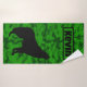 This bathroom towel set features a modern green camo pattern with a bold black wolf silhouette. Each towel is personalized with a monogram, adding a rugged and unique touch to your bathroom decor. Combining both style and functionality, these towels offer a distinctive, masculine flair while providing softness and absorbency for everyday use.
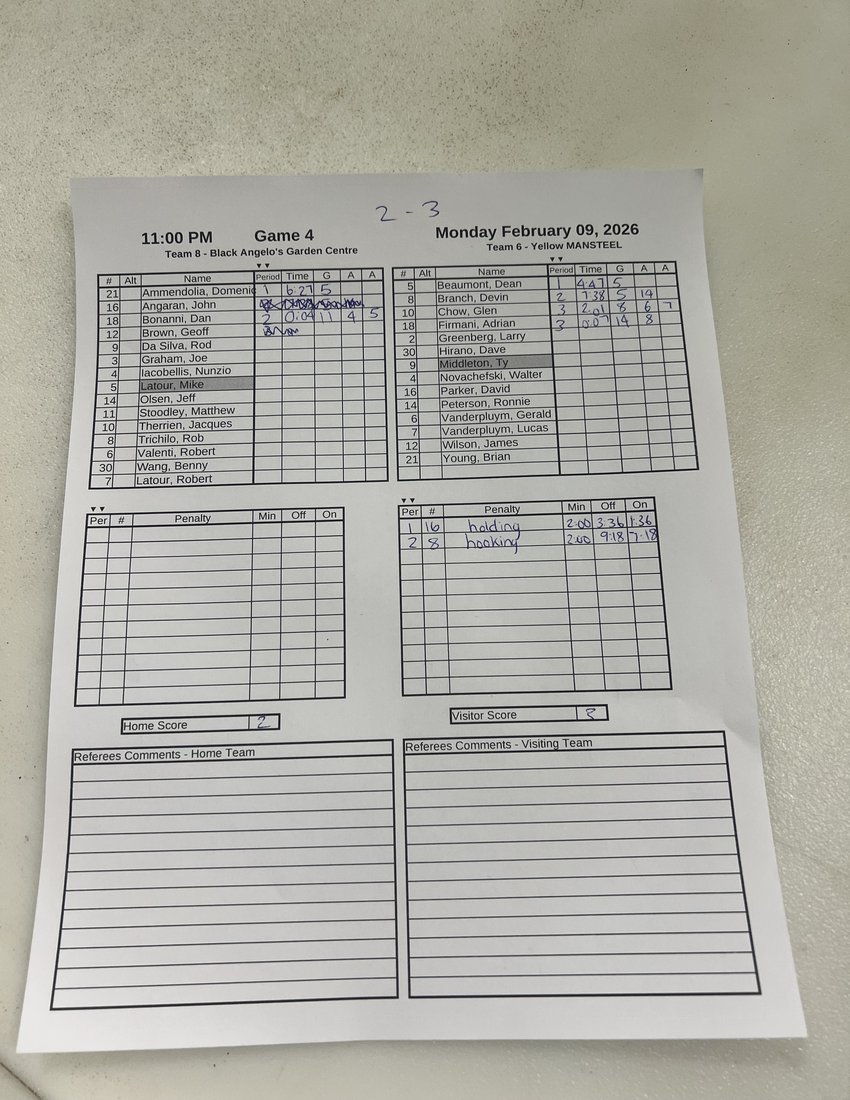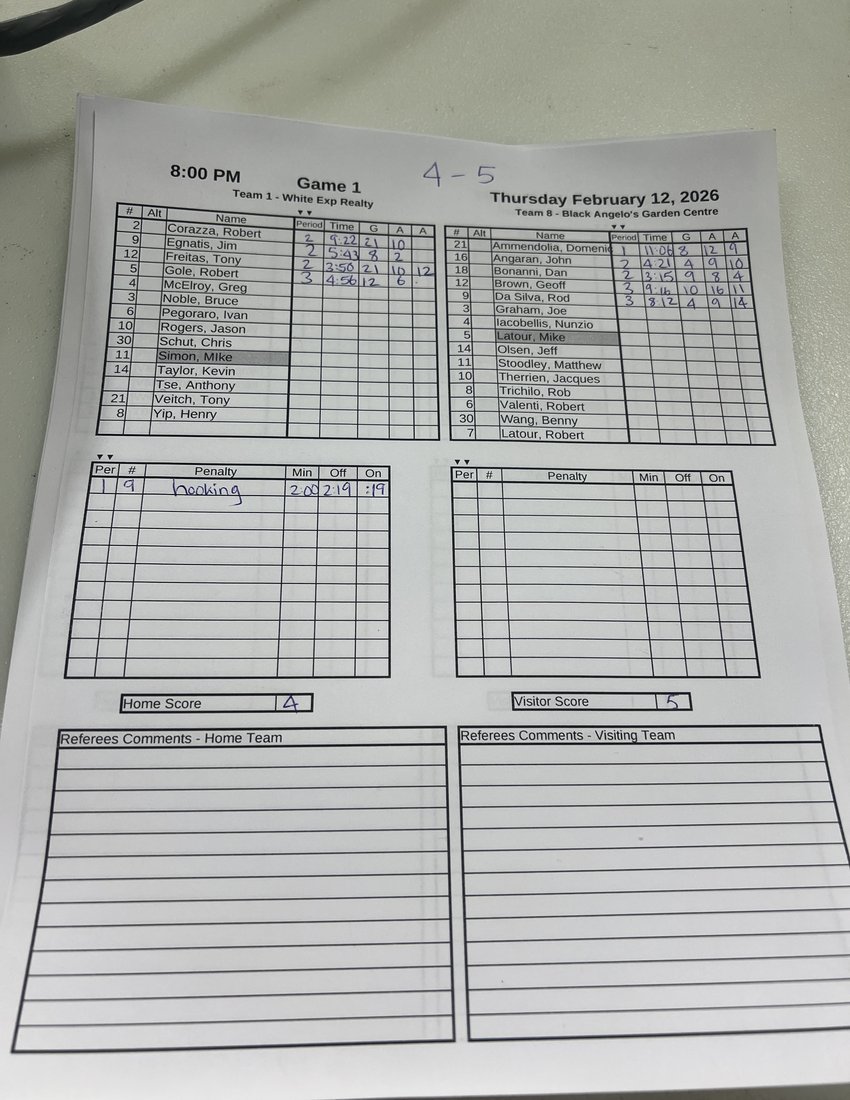 | 133 | 2026-Feb-12 | 1 | 8 Angelo's Garden Centre | 1 Exp Realty | 5 - 4 | |
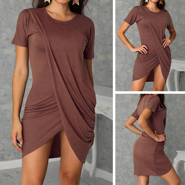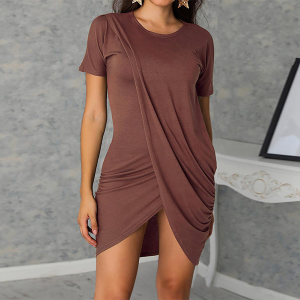 Fashion Solid Color Short Sleeve Round Neck Irregular Hem Dress
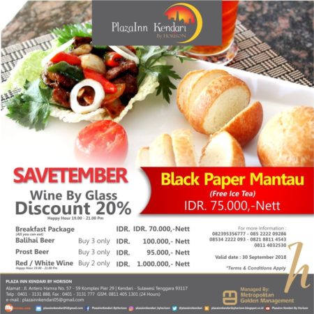 “Black paper Mantau merupakan sebuah hidangan simpel dan mengenyangkan, terdiri dari mantau dan sapi lada hitam yang disajikan dengan ala Plaza Inn” ungkapnya dalam pers rilis, Kamis, (06/09/2018).

ACTIVITY
A verbatim copy of the data, free of pictures, is the expected answer.

THE ANSWER
 This bathroom towel set features a modern green camo pattern with a bold black wolf silhouette. Each towel is personalized with a monogram, adding a rugged and unique touch to your bathroom decor. Combining both style and functionality, these towels offer a distinctive, masculine flair while providing softness and absorbency for everyday use.
 | 133 | 2026-Feb-12 | 1 | 8 Angelo's Garden Centre | 1 Exp Realty | 5 - 4 | |
 Fashion Solid Color Short Sleeve Round Neck Irregular Hem Dress
 “Black paper Mantau merupakan sebuah hidangan simpel dan mengenyangkan, terdiri dari mantau dan sapi lada hitam yang disajikan dengan ala Plaza Inn” ungkapnya dalam pers rilis, Kamis, (06/09/2018).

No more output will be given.